ReplyDeleteBit of an Anglo-Saxon myth this 'high taxes don't work!' thingy. As you know, I've lived in several European countries and the correlation between high income tax and the general success of an economy isn't clear at all. France, Germany, Switzerland (to name but a few I know really well) are all high tax countries with very good economies (not without problems of course). These countries do also provide best-in-class public services in return for these hard earned tax Euros. Sweden and Norway probably take the biscuit in terms highest taxes/most welfarised nations on Earth, yet are very competitive on the world market. France's national (publicly owned) car company Renault produces world class vehicles and very profitably too...
By contrast, a country like Italy is quite high tax, yet riddled with problems (and poor public sector) now for decades.
Who in Europe currently lags behind in terms of economic recovery?

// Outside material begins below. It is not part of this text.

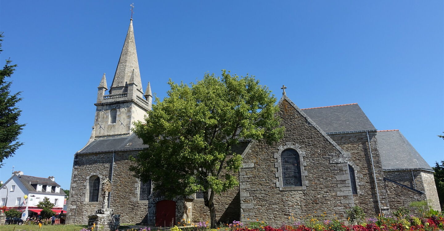 Vom Parkplatz gehen wir an der aus dem 15. Jahrhundert stammenden 01 Église St-Gervais-St-Protais Saint-Avé (45 m) vorbei und bis zum großen Kreisverkehr vor. Auf Höhe des Wasserbrunnens befindet sich auf der gegenüberliegenden Straßenseite das aus dem 15. Jahrhundert stammende Manoir du Kreisker. An der rechten Ecke des Gebäudes steht ein runder Turm, der einen Taubenschlag beherbergt. Außerdem findet man im Vorgarten einen Brunnen vor. Im 15. und 16. Jahrhundert hatten mehr als 40 Adelsfamilien in den Herrenhäusern und Schlössern im Umkreis von Saint-Avé gewohnt. Wir setzen unseren Weg auf der Rue du Général de Gaulle fort und kommen an dem Zwillingskreuz Bourg d'en Bas Croix géminées vorbei. Dies ist eine Besonderheit, denn in der Bretagne gibt es nur wenige Zwillingskreuze, dieses stammt aus dem 16. Jahrhundert und besteht aus Granit.

That'll be the low tax UK!
Not quite sure why you wanted to punch that couple in the face, though...
The key word in the phrase "drowning in high taxes" is "drowning". I'm not crazy about high taxes, but hey, if they benefit most people, including the middle class then great. If, on the other hand, it hurts the middle class then it's bad.
ReplyDeleteNot quite sure why you wanted to punch that couple in the face, though...
Oh, they were just so annoyingly perfect (and perfectly annoying).